# New Holland TC40D cold starting problem



## Bob Dirickson (Jul 27, 2017)

Bought a used TC40D this past summer. Now that it's down in the 20's and 30's I having a hard time getting it started. I'm thinking there might be a problem with the glow plugs. If I turn the key to the first position the glow plug light comes on for about 3 seconds and then goes out. If I leave the key in that position for about 30 to 45 seconds then try cranking it will crank but won't turn over. Leaving the key in that first position longer does no good. It will crank but not fire.

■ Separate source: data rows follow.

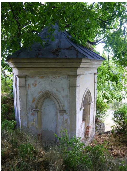
Obrázek 6 – Kaple v Bohdašicích
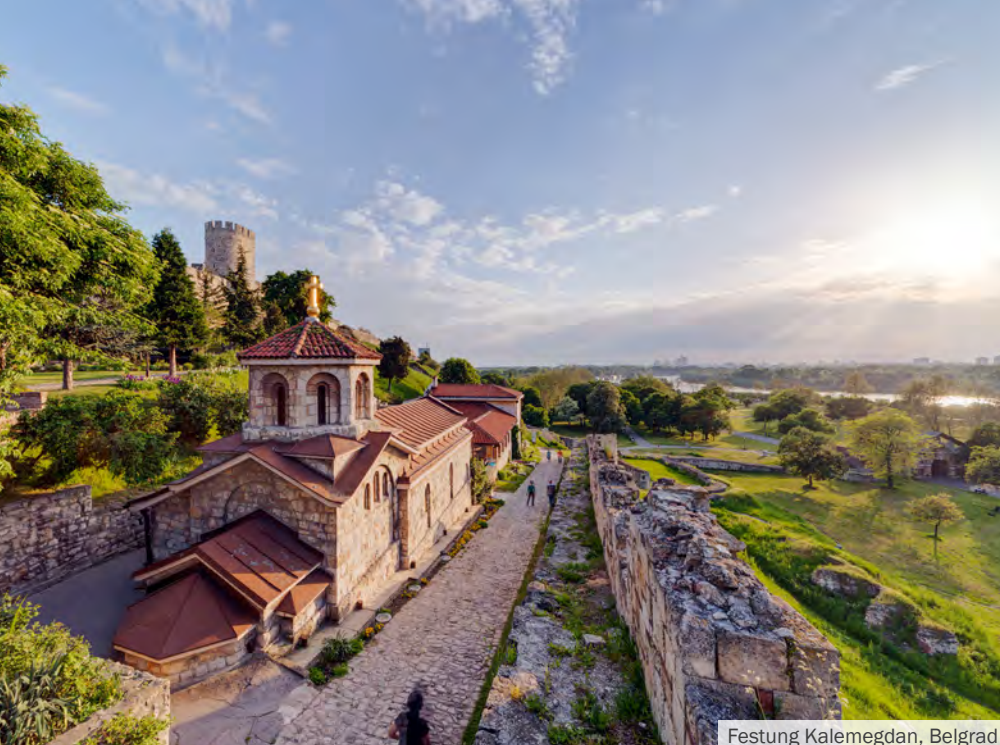
Festung Kalemegdan, Belgrad
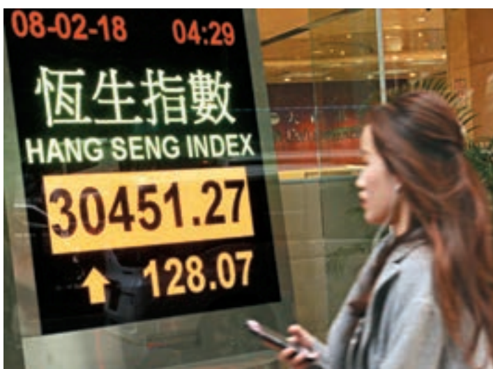
港股昨一度彈升416點,收市升幅收窄,成交大縮至1,496億元。

石油股拖低大市,中石化(0386)及中海油(0883)是跌幅頭兩大藍籌,令國指受累再跌52.9點,收報12,380點,連跌第4日。
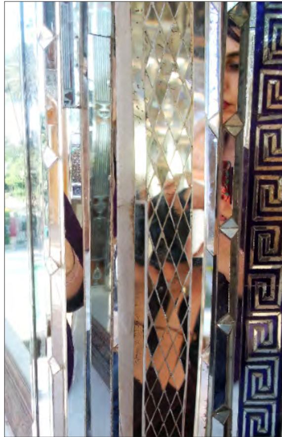
تصویر ۴- قسمتی از آینه‌کاری خانه زینت الملوک شیراز، علی محمدخان قوام الملک دوم، ۱۲۹۰ ه. ق.

آنی، که در ذهن تماشاگر فرمول بندی می‌شود و به صورت رمز درمی‌آید» (آرناسون، ۱۳۶۷: ۱۱۶-۱۱۷). بیننده قطعاتی از یافته‌های بصری اشیاء را به منزله عناصر شکل‌پردازی شده ذهن خویش به کار می‌بندد. در این روش شکل‌های مادی شیء تا آن حد کژنما می‌گردند که فقط به مدد یک تحلیل معکوس دقیق امکان بازسازی دارند و روند انتزاعی کردن فرم و فضا تا آنجا پیش می‌رود که وابستگی اشیاء به حداقل می‌رسد. نوعی پرسپکتیو مرکب حاصل از دیدگاه‌های متعدد فضا را به حرکت درمی‌آورد و ابعادش را تغییر می‌دهد. به سخن دیگر «وجه مختلف شیء بازنمایی و کنار هم نهاده می‌شود به گونه‌ای که منظر جزئی، به مدد یافته‌های واقعیت منظر کلی شیء را به ذهن تماشاگر متبادر می‌کند. گویی هنرمند به دور شیء می‌چرخد و از مهم‌ترین وجه صوری و ساختاری آن، نمودار نگاشت‌ها یا دیاگرام‌هایی برمی‌دارد و اینها را به طور ذهنی برهم می‌نهد تا یک تصویر کلی را عرضه بدارد» (پاکباز، ۱۳۸۱: ۴۸۰).
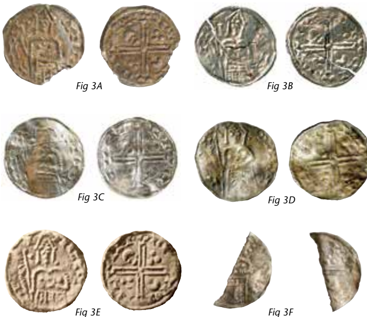
Fig. 3. Hbg Svend Estridsen 66.

Der er kun en enkelt mønt, hvis traditionelle datering falder lidt senere. Det er et relativt velbevaret eksemplar af typen Hauberg 3 Svend Estridsen 66 (Fig. 3A). Møntens forside viser et portræt en face af en stående(?) mand med høj trekantet hovedbeklædning og muligvis pendilier. Personen har sin venstre hånd lagt på kroppen under bry-
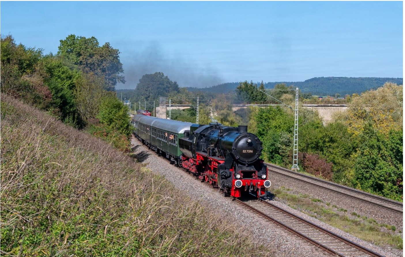
52 7596 am 01. Oktober 2023 mit einem EFZ-Sonderzug zwischen Rottweil und Schwenningen

Eine Veranstaltung der Eisenbahnfreunde Zollernbahn e.V. (EFZ) in Zusammenarbeit mit dem Deutschen Dampflokomotiv Museum Neuenmarkt (DDM)
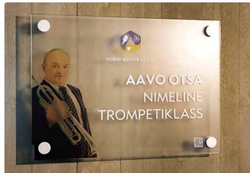
Klaasistahvel klassiruumi 304 kõrval.

Aedade ja terrasside ehitus ning renoveerimine
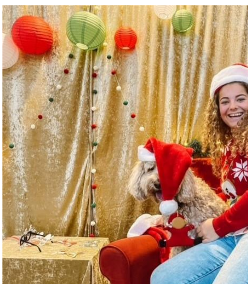
Woensdag 13 december: Foute kerstdingendag
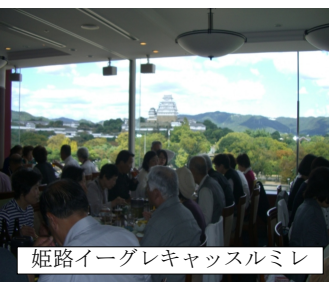
姫路イーグレキャッスルミレー
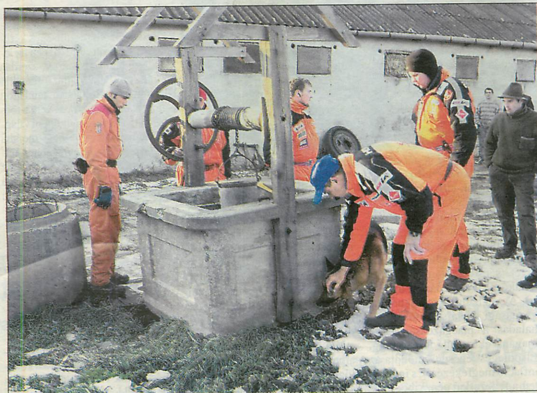
A volt tsz-udvar területét is átvizsgálták a keresőcsoportok

A faluban egyre többen vélik úgy: gyilkosság történt
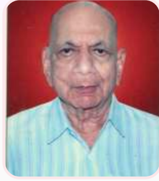
कै. प्रा. मो. स. भावे अर्थशास्त्र विभाग
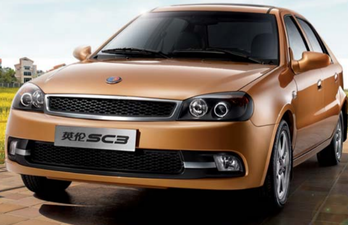
百年英伦 一脉相承

If I wait a minute or two then repeat the process the next time the glow plug light doesn't even come on and still it won't fire. Anyone have any ideas on what I need to check or look at? Thanks.


----------



## RC Wells (Dec 26, 2008)

Check your glow plug timer. It will look like this http://www.messicks.com/part/sba385870301/timer

The model for Kubota works too, much less expensive: https://www.ebay.com/itm/NGK-LAMPTI...ash=item23969605df:g:F7YAAOSwSQFaS1cn&vxp=mtr


----------



## Bob Dirickson (Jul 27, 2017)

Thank for the info. Just bought one. Fingers crossed.


----------



## Bob Dirickson (Jul 27, 2017)

One more question on this. I took a quick look and can't locate where this glow plug time is at. Can anyone give me a general idea where to look?


----------



## BigT (Sep 15, 2014)

Bob, have a look at the attached parts diagram.


----------



## Bob Dirickson (Jul 27, 2017)

BigT said:


> Bob, have a look at the attached parts diagram.
> 
> View attachment 36786


Fantastic! Thanks so much BigT.


----------



## LarryfromMT (Feb 21, 2014)

Other possibilities:

Make sure your parking brake is set and that your PTO lever is not even slightly out of the off position. Wiggle the lever -- common problem.


----------